DATA SUPPLIED.

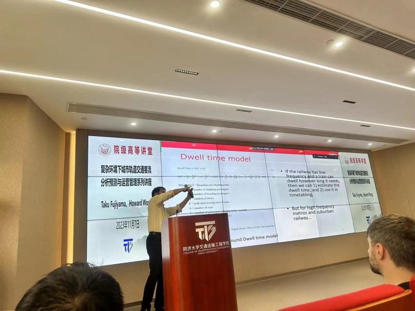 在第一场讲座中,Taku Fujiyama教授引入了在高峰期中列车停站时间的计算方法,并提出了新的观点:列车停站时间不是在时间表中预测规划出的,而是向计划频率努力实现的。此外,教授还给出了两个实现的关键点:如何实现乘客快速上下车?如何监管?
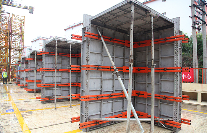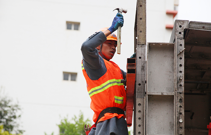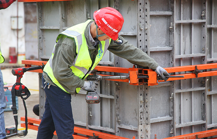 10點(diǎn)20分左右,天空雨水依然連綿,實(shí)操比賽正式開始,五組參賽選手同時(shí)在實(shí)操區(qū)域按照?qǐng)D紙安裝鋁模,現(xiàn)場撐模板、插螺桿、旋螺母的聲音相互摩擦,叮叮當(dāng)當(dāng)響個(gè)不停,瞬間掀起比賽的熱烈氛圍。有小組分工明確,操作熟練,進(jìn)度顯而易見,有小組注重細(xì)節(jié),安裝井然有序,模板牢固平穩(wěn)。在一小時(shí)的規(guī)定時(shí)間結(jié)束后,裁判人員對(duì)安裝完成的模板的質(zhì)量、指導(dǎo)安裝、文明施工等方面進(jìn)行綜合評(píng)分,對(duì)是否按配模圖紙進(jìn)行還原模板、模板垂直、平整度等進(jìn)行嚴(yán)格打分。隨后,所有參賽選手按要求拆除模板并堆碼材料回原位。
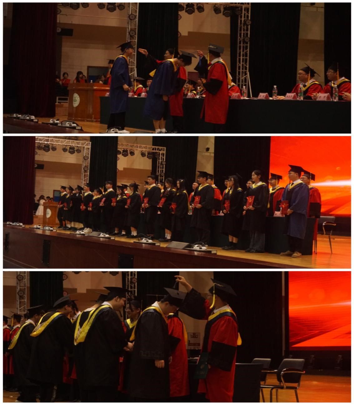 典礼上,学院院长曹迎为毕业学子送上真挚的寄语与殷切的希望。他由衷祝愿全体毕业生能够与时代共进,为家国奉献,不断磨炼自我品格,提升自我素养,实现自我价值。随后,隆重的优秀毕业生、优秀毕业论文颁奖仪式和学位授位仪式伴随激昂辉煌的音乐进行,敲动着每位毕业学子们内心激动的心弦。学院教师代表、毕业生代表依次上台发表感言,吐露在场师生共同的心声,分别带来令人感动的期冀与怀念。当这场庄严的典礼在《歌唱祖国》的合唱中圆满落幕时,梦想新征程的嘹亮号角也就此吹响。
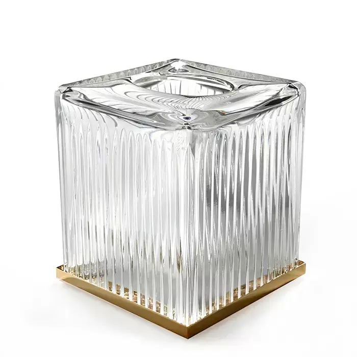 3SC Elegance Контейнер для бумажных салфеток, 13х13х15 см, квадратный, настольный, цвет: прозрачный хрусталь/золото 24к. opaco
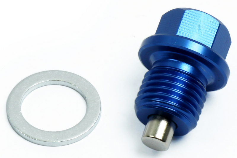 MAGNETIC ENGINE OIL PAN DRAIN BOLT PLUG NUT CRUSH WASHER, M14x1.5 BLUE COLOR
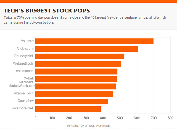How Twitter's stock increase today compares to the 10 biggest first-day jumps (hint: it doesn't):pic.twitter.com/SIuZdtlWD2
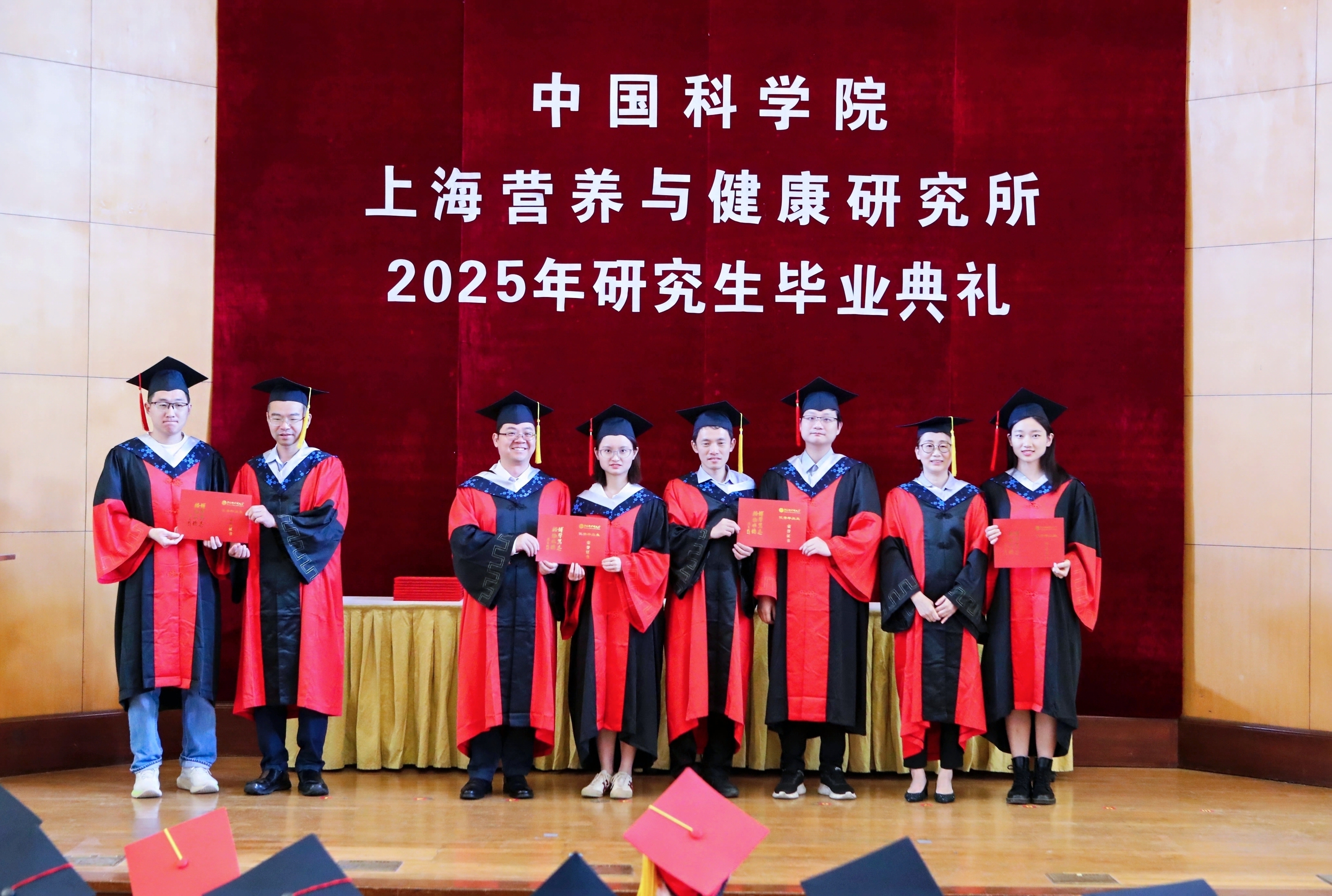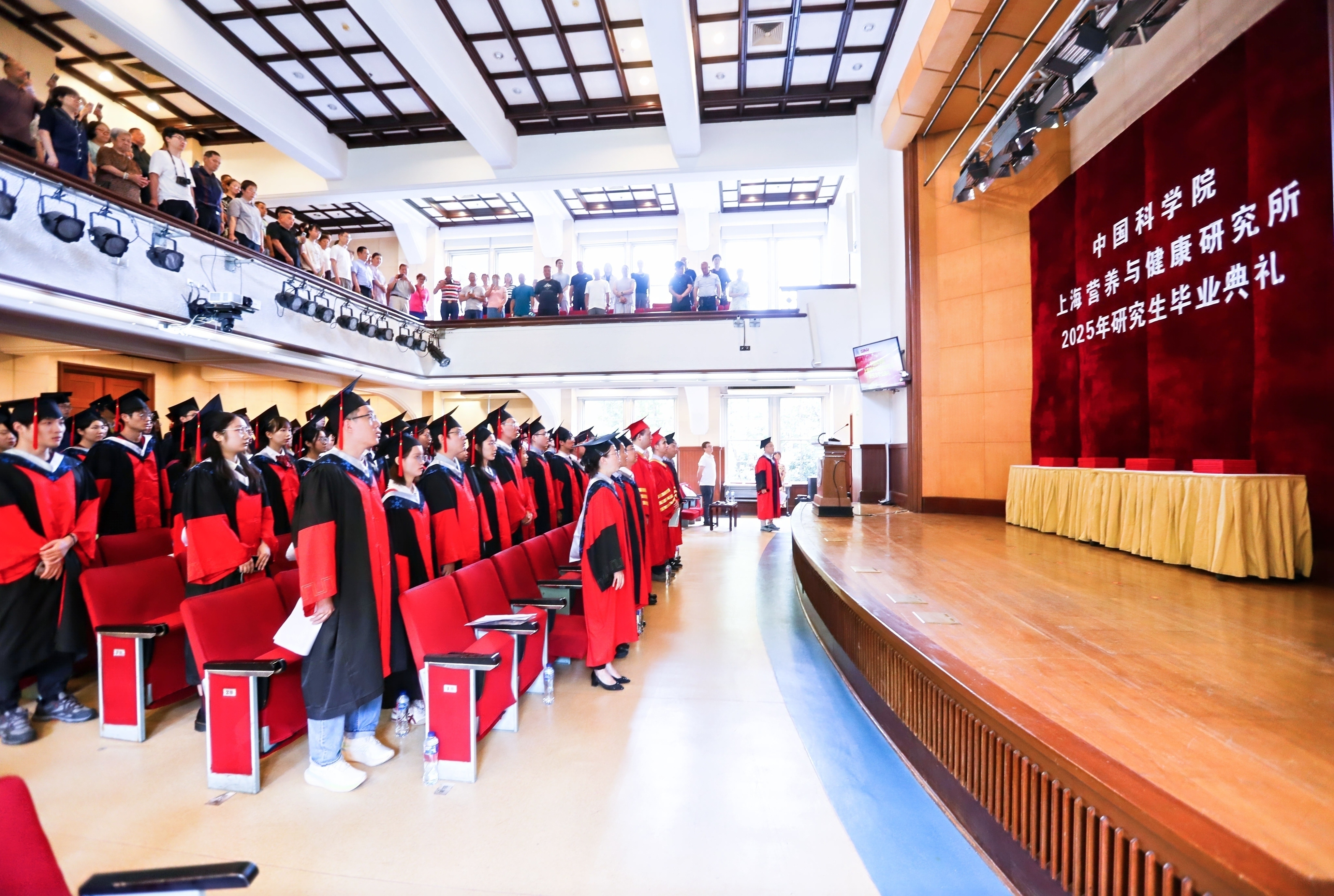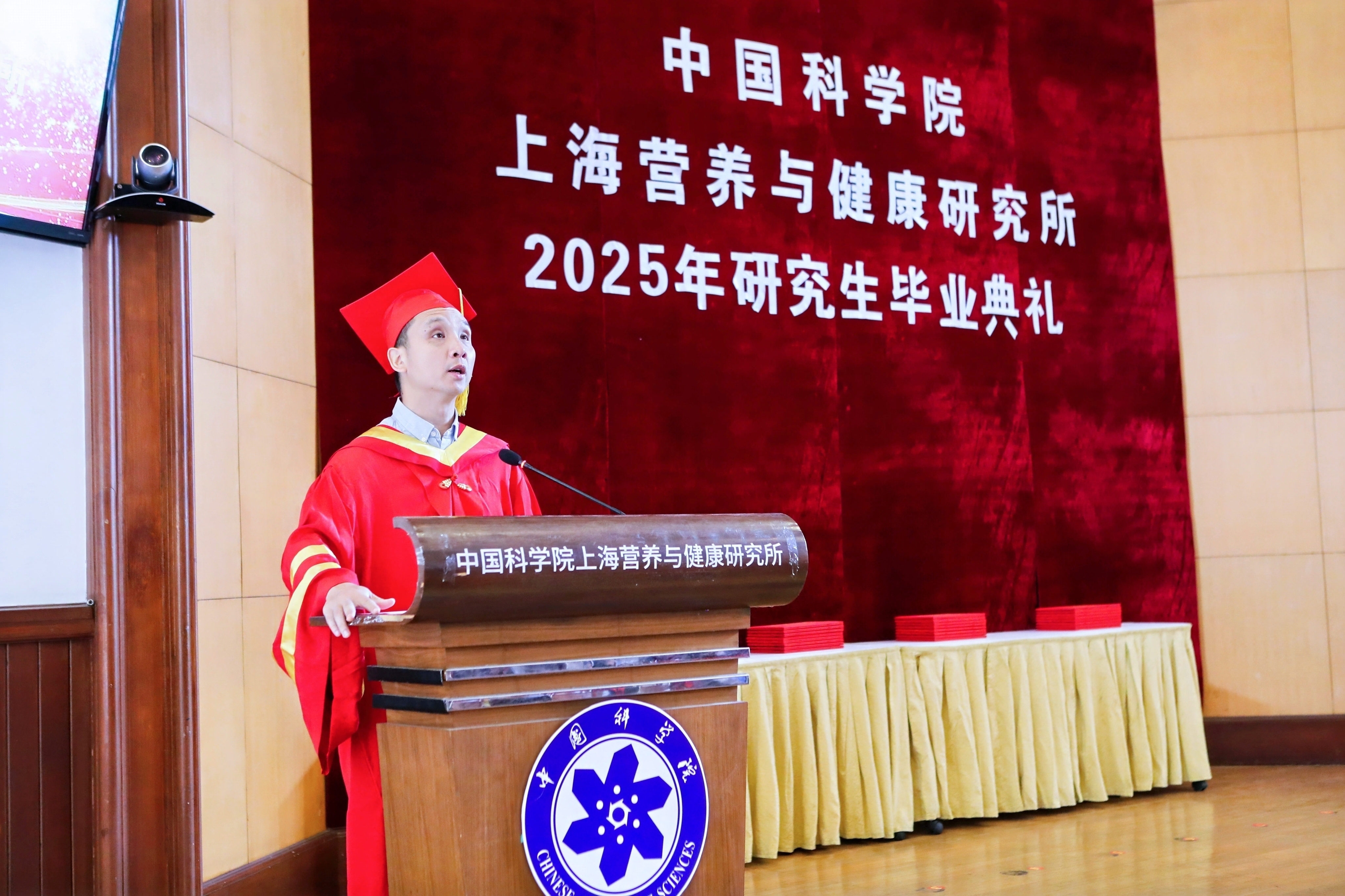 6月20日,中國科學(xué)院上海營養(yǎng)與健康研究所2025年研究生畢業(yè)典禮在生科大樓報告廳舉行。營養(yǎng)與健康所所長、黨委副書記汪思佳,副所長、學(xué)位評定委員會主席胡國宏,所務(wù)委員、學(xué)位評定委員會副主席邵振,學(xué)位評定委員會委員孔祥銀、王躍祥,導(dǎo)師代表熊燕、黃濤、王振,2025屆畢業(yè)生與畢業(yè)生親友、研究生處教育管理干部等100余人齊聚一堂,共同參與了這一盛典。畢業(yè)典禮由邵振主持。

TASK GOAL. Please provide a faithful transcription of all the data, pictures excluded.

YOUR SOLUTION.
 在第一场讲座中,Taku Fujiyama教授引入了在高峰期中列车停站时间的计算方法,并提出了新的观点:列车停站时间不是在时间表中预测规划出的,而是向计划频率努力实现的。此外,教授还给出了两个实现的关键点:如何实现乘客快速上下车?如何监管?
 10點(diǎn)20分左右,天空雨水依然連綿,實(shí)操比賽正式開始,五組參賽選手同時(shí)在實(shí)操區(qū)域按照?qǐng)D紙安裝鋁模,現(xiàn)場撐模板、插螺桿、旋螺母的聲音相互摩擦,叮叮當(dāng)當(dāng)響個(gè)不停,瞬間掀起比賽的熱烈氛圍。有小組分工明確,操作熟練,進(jìn)度顯而易見,有小組注重細(xì)節(jié),安裝井然有序,模板牢固平穩(wěn)。在一小時(shí)的規(guī)定時(shí)間結(jié)束后,裁判人員對(duì)安裝完成的模板的質(zhì)量、指導(dǎo)安裝、文明施工等方面進(jìn)行綜合評(píng)分,對(duì)是否按配模圖紙進(jìn)行還原模板、模板垂直、平整度等進(jìn)行嚴(yán)格打分。隨后,所有參賽選手按要求拆除模板并堆碼材料回原位。
 典礼上,学院院长曹迎为毕业学子送上真挚的寄语与殷切的希望。他由衷祝愿全体毕业生能够与时代共进,为家国奉献,不断磨炼自我品格,提升自我素养,实现自我价值。随后,隆重的优秀毕业生、优秀毕业论文颁奖仪式和学位授位仪式伴随激昂辉煌的音乐进行,敲动着每位毕业学子们内心激动的心弦。学院教师代表、毕业生代表依次上台发表感言,吐露在场师生共同的心声,分别带来令人感动的期冀与怀念。当这场庄严的典礼在《歌唱祖国》的合唱中圆满落幕时,梦想新征程的嘹亮号角也就此吹响。
 3SC Elegance Контейнер для бумажных салфеток, 13х13х15 см, квадратный, настольный, цвет: прозрачный хрусталь/золото 24к. opaco
 MAGNETIC ENGINE OIL PAN DRAIN BOLT PLUG NUT CRUSH WASHER, M14x1.5 BLUE COLOR
How Twitter's stock increase today compares to the 10 biggest first-day jumps (hint: it doesn't):pic.twitter.com/SIuZdtlWD2
 6月20日,中國科學(xué)院上海營養(yǎng)與健康研究所2025年研究生畢業(yè)典禮在生科大樓報告廳舉行。營養(yǎng)與健康所所長、黨委副書記汪思佳,副所長、學(xué)位評定委員會主席胡國宏,所務(wù)委員、學(xué)位評定委員會副主席邵振,學(xué)位評定委員會委員孔祥銀、王躍祥,導(dǎo)師代表熊燕、黃濤、王振,2025屆畢業(yè)生與畢業(yè)生親友、研究生處教育管理干部等100余人齊聚一堂,共同參與了這一盛典。畢業(yè)典禮由邵振主持。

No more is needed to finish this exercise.